Once you fill object with ‘m’ on, therefore filling it with the selected material, you can select another material and a brush (still with m) and paint a different material. That new material will also be embedded. So you can repeat this to create variance in the material on any object. You have to be in m mode to only paint a material. Mrgb to paints or fills both material and color. Rgb is only color. You will be able to paint countless materials and colors on each object this way with great control.

In other words, if you want to keep the selected material, AND paint color on it as well, then you need to select white, select mrgb, and hit color>fill object. Then you’re off. You can freely paint colors and materials. It won’t change as you select new ones.

Keep at it, you’ll get it :+1:

You are replacing the material from the palette with the one you are loading. By default, it has a limit of 20 matcaps I think, so it will just replace whatever material you have selected with the new loaded one. Once you have replaced it, ZBrush cannot reference it, therefore it replaces the painted material on the model. You have to leave the matcaps you do need loaded in the palette.

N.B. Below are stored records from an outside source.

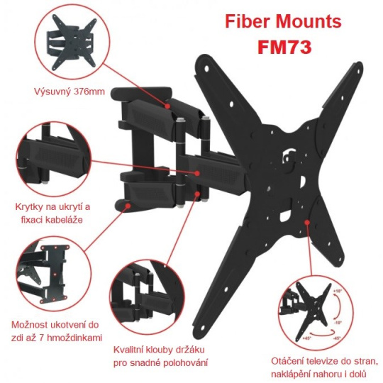 Dvojramenný otočný držiak na TV Fiber Mounts FM73 Kvalitný polohovateľný držiak na televízie 30-60", dvojramenný. nosnosť 35kg Nástenný držiak pre spoľahlivé a bezpečné zavesenie televízie na stenu a jej úpravu polohy. Držiak je ideálny na TV 30-60", podporuje VESA 75x75 až 400x400 a môžete naň zavesiť televíziu s hmotnosťou až 35kg. Držiak umožňuje televízii vysúvať od steny, otáčať do strán a naklápať nahor aj nadol. Konštrukcia je oceľová a je vybavená dizajnovými krytkami, pod ktorými ľahko skryjete a zafixujete všetky káble. Farebné prevedenie čierne, záruka 5 rokov. Nástenný dvojramenný držiak na otáčanie a naklápanie televízie Fiber Mounts FM73 Technické údaje: nosnosť 35kg podporuje VESA 75x75 až 400x400 vhodný na televízie s uhlopriečkou 30" až 60" minimálna vzdialenosť televízie od steny 74mm maximálna vzdialenosť televízie od steny 450mm otáčanie televízie na obe strany +/- 45° naklápanie televízie hore alebo dole o +/- 10° dizajnové krytky konštrukcie so systémom na skrytie káblov výnimočná kvalita, oceľová konštrukcia balenie obsahuje inštalačný materiál farebné prevedenie čierne záruka 5 rokov Držiak pre zavesenie televízie na stenu s kvalitnou dvojramennou konštrukciou Fiber Mounts FM73 Nástenný dvojramenný držiak TV Fiber Mounts FM73 podporuje VESA štandardy: VESA 75x75 VESA 100x100 VESA 100x200 VESA 200x100 VESA 200x200 VESA 300x300 VESA 400x400 Držiak Fiber Mounts FM73 je vhodný na zavesenie každej televízie, ktorá podporuje ktorýkoľvek z vyššie uvedených VESA štandardov a jej hmotnosť nie je vyššia ako 35kg. Na uhlopriečke televízie nezáleží, televízia môže mať aj výrazne viac ako 60".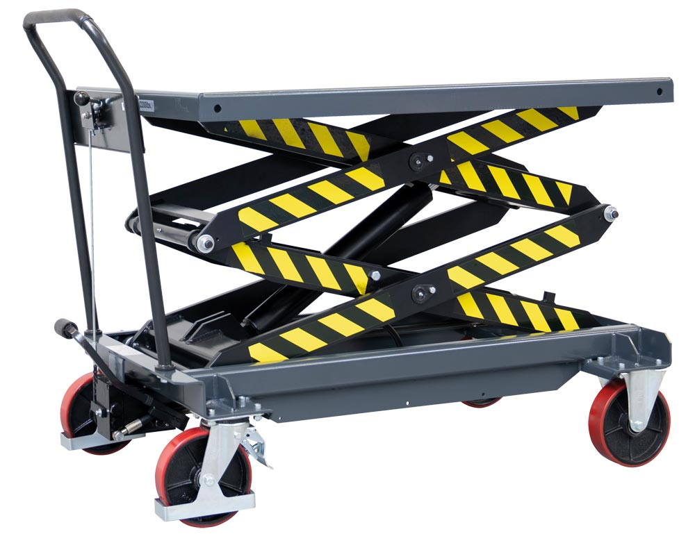 Scherenhubtisch, Traglast 250 kg, Hubbereich 330-910 mm, Tischplatte LxB 830x500 mm, Außen-LxB 1020x500 mm, Bereifung PU E6472290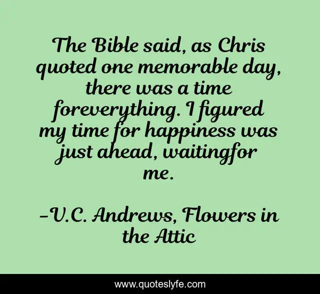 This page presents the quote "The Bible said, as Chris quoted one memorable day, there was a time foreverything. I figured my time for happiness was just ahead, waitingfor me.". Author of this quote is V.C. Andrews, Flowers in the Attic. This quote is about waiting, bible, happiness, time,.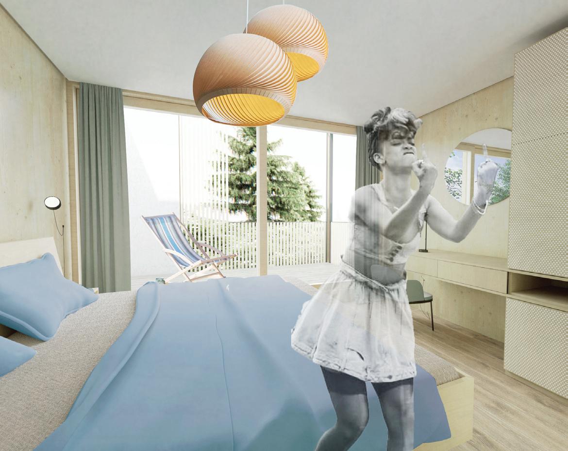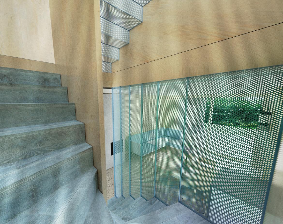 Návrh předpokládá konstrukci z CLT panelů na bázi dřeva. Domy budou z venku bíle omítané, ryzality a zábradlí budou tvořeny dřevěným laťováním. Rovněž okna budou dřevěná. V interiéru předpokládáme u některých stěn přiznaný dřevěný povrch. Stropy budou bíle omítané. Podlaha ve vstupním podlaží je z praktického a zároveň reprezentativního broušeného betonu. V celém objektu navrhujeme podlahové topení, takže podlaha nebude studená. Pro útulnější pocit z „obýváku“ je v prostoru před gaučem v ploše podlahy umístěný ostrov z dřevěné třívrstvé podlahoviny se zaoblenými rohy. Je to architektonická interpretace tradičního kusového koberce, měkčí kus podlahy, na která svádí k tomu si na ni sednout. Ve vyšších patrech jsou třívrstvé dřevěné podlahy, podlahy i stěny koupelen jsou opatřeny stěrkou. Výrazným prvkem interiéru je transparentní zábradlí a ve vyších patrech i schodišťová ramena z barevně lakovaného perforovaného plechu.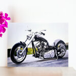 Transform your space with this striking LED wall art featuring a meticulously detailed custom chopper motorcycle. The black and chrome design captures the essence of classic American custom motorcycles, with its elongated front forks, chunky tyres, and gleaming chrome engine components. The standout feature is the battery-operated LED headlight that illuminates realistically, adding depth and dimension to the artwork. Powered by standard AA batteries with a convenient on/off switch, this piece brings the motorcycle to life in any room. The dramatic side profile showcases the bike’s aggressive stance, flowing lines, and premium craftsmanship. Perfect for motorcycle enthusiasts, garage spaces, man caves, or any contemporary interior seeking a bold automotive accent piece. The combination of photographic detail and interactive lighting creates a unique visual experience that’s sure to become a conversation starter.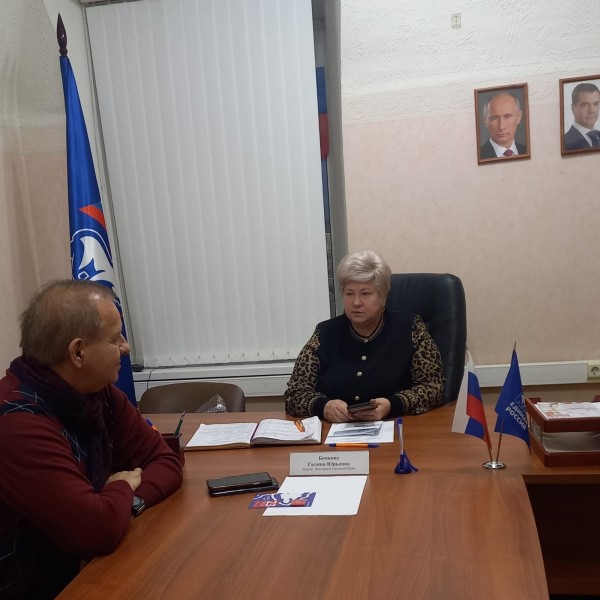 2 декабря заместитель председателя Ивановской городской Думы Галина Бочкова провела приём граждан в региональной Общественной приемной вместе с председателем Совета 2-го избирательного округа Сергеем Макаровичем Зиминым.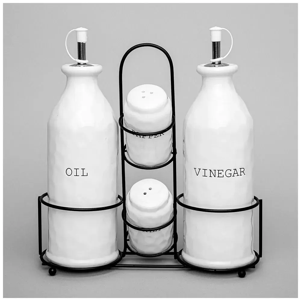 Набор из 5 предметов с металлической подставкой создан для удобного хранения и подачи масел, уксуса и специй. Идеальное сочетание функциональности и современного дизайна дополнит ваш стол и кухонный интерьер.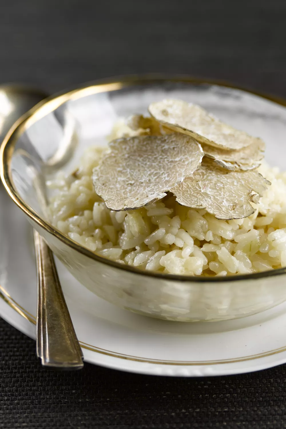 Verdeel de risotto over de borden en schaaf er de witte truffel over.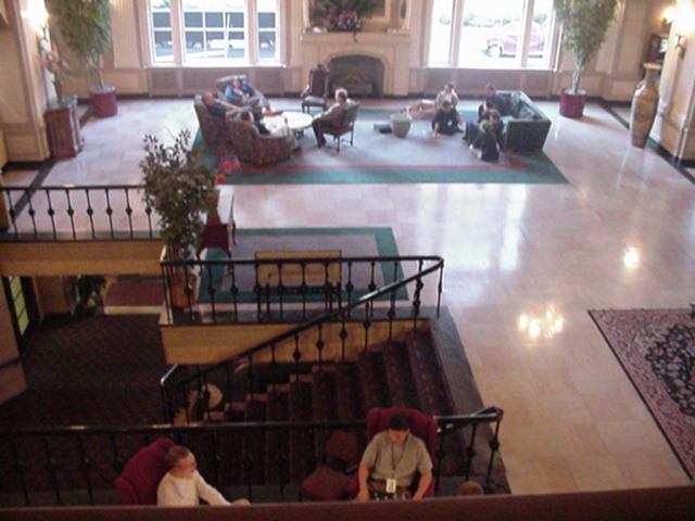 a look down on the main lobby, otherwise known as the "universal rubi-con bedroom".
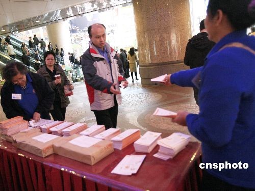 二月二十七日,香港財(cái)政司司長曾俊華向立法會(huì)提交二零零八至零九年度財(cái)政預(yù)算案,公布政府綜合盈余達(dá)一千一百五十六億元,創(chuàng)歷來新高,并推出多項(xiàng)減稅和惠及社會(huì)的措施。圖為有關(guān)組織街頭派發(fā)財(cái)政預(yù)算案摘要小冊(cè)子給市民。中新社發(fā) 王麗南 攝

So, I think there is a way to put many more materials in your palette, but the quick solution is to switch to a matcap that you aren’t going to use in the project, and then load the new one. Viola. I swear I’ve seen people have tons of them loaded in vids, but I think it can cause memory issues or some crap. Anyone know??

Sweet, It’s really starting to make sense now.
There’s always some little combination of buttons that I don’t get.

I’m going to read up on polymeshes, see if I can understand where that fits in.

This clears a massive hurdle for me. With all these awesome tools like UDK available, I feel like I have an opportunity to finaly make something impressive, and with zbrush I would be able to create damn good looking models.

Thanks everyone!

Polymeshes are, well, just polygon meshes. While the primitives within the tool palette, such as the helix or cool little blade, can be edited using parameters under tool>initialize. Each primitive has a different set of parameters. Some have curves that you can edit, but all have various sliders.

So primitives are what you need to look into. The make polymesh 3d button just commits a primitive to a mesh that can be sculpted, etc., but no longer manipulated using the initialize options.

Try it out, just draw in a primitive, enter edit mode, open the initialize tab and go to town :wink: The blade is badass. You can make countless shapes. Really cool feature.